→ **WHAT YOU NEED TO DO**: Your answer must be the lines from the first record through the line that contains "Le modèle NEMOMED12", copied exactly and without any pictures.

PROVIDED DATA: Begin

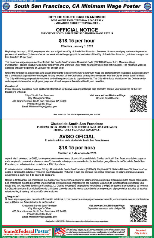 View full detailsSouth San Francisco, California Minimum Wage Poster (Bilingual)
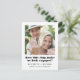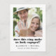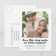 Funny engagement and save the date announcement postcard with a photo of the two of you and the engagement ring and "does this ring make us look engaged" in bold modern typography. On the front, add your first names and wedding date and location. On the reverse, customize your save the date details and add your names in a signature-like script.
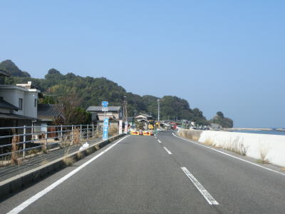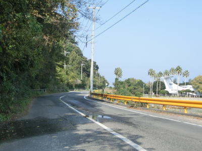| 急カーブの先には海上自衛隊の飛行艇PS−1が展示(?)されており、その隣にはキャンプ場や戦艦陸奥の記念館がある。海岸線に沿って走っていると小伊保田集落を通過する。小さな河川に架かっている橋が補修のため片側交互通行規制が敷かれていた。 | ||
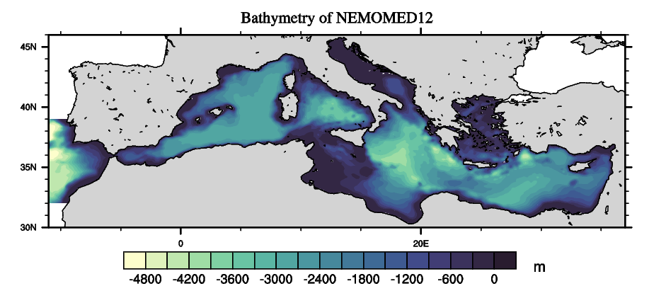Le modèle NEMOMED12 est une version régionale sur la Méditerranée du modèle NEMO-V3.6 (Madec et al., 2016). La grille du modèle est une extraction de la grille globale ORCA 1/12°. La bathymétrie est décrite dans la documentation technique à retrouver ici.
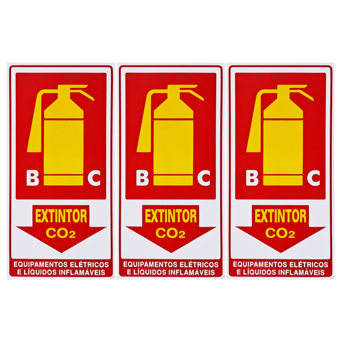 Neste Kit contém 6 unidades de placas com a escrita "Extintor BC CO2, Equipamentos Elétricos E Líquidos Inflamáveis".
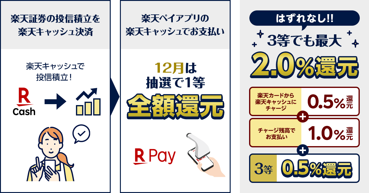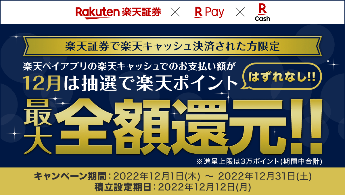 | キャンペーン期間 | ①「楽天キャッシュ」で投信積立 積立設定期日:2022年12月12日(月) 買付指定日:2023年1月1日(日)~2023年1月28日(土) ②「楽天ペイ」アプリで「楽天キャッシュ」のチャージ払いでの支払い 2022年12月1日(木) 0:00 ~ 2022年12月31日(土)23:59 |
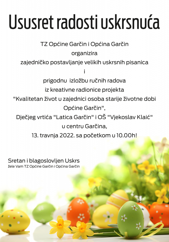 Ususret radosti uskrsnuća, Turistička zajednica Općine Garčin i Općina Garčin organiziraju postavljanje uskrsnih pisanica u centru Garčina dana 13. travnja sa početkom u 10.00h! Velike uskrsne pisanice bojane su na likovnim radionicama u Osnovnoj školi “Vjekoslav Klaić”, dječjem vrtiću “Latica Garčin” i u sklopu kreativnih radionica ESF projekta “Kvalitetan život u zajednici osoba starije životne […]

PROVIDED DATA: End

→ **EXERCISE SOLUTION**:
 View full detailsSouth San Francisco, California Minimum Wage Poster (Bilingual)
 Funny engagement and save the date announcement postcard with a photo of the two of you and the engagement ring and "does this ring make us look engaged" in bold modern typography. On the front, add your first names and wedding date and location. On the reverse, customize your save the date details and add your names in a signature-like script.
| 急カーブの先には海上自衛隊の飛行艇PS−1が展示(?)されており、その隣にはキャンプ場や戦艦陸奥の記念館がある。海岸線に沿って走っていると小伊保田集落を通過する。小さな河川に架かっている橋が補修のため片側交互通行規制が敷かれていた。 | ||
Le modèle NEMOMED12 est une version régionale sur la Méditerranée du modèle NEMO-V3.6 (Madec et al., 2016). La grille du modèle est une extraction de la grille globale ORCA 1/12°. La bathymétrie est décrite dans la documentation technique à retrouver ici.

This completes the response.